Challenges, Caveats, and Opportunities

There were several challenges that our team faced during the process, and these challenges may have contributed to inaccuracy in the models. One of the first challenges that were discovered was the imbalance in the original dataset, where the fraudulent emails accounted for less than 10% of the instances. Our team manually created a balanced dataset in the later steps in the modeling processes, but this still demonstrates that the lack of number and diversity of fraudulent job postings to train on could limit the word and content that the model is able to learn. A potential approach to mitigate this challenge is to input more fraudulent postings and expand the dataset until the dataset is more balanced.

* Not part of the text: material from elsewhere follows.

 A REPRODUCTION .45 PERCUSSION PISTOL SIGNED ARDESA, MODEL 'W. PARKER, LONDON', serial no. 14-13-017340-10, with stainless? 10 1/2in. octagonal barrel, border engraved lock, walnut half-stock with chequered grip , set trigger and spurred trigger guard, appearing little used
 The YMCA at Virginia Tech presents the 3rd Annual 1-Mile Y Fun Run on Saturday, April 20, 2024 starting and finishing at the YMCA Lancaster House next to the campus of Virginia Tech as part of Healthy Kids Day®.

Another challenge that our team has encountered in the process is the long training time required from the pre-trained BERT model. Each epoch in our attempt to fine-tune the pre-train model would take more than 20 hours to run, increasing the difficulty to experiment and find the best parameters for the model.

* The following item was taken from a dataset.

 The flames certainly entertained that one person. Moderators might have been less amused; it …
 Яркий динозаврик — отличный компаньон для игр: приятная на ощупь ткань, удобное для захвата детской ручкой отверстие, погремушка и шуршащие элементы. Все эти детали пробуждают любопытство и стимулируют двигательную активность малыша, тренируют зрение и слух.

In addition, the format and content of online job postings have also changed over the years, the original dataset is collected from 2012 to 2014, which is almost close to ten years ago. This could indicate that our model may not incorporate a more recent format and wording of job postings. This may prevent the model’s ability to accurately predict more recent job postings, and in order to improve in this aspect, it would require additional data to be collected and trained continuously.

One of the issues and questions that our team faced is the choice to either prioritize precision or recall scores for our models. Due to the imbalanced original dataset, the accuracy of the model would intuitively be high, since even when all the job postings are predicted as legitimate job postings, the accuracy would be over 90%. Therefore, accuracy would not be the best-measuring metric for this model, but the choice and balance of precision and recall is also important factor that would need to be considered. This is due to the fact that if only the recall score is optimized, it may lead to a low recall, meaning that a lot of legitimate postings would be inaccurately labeled as fraudulent postings. In contrast, if only the precision score is prioritized, then the chance of fraudulent emails being missed and labeled as legitimate emails would be higher. Therefore, in order to find a balance between false positives and false negatives, our team has prioritized models that are able to produce reasonable scores for both precision and recall.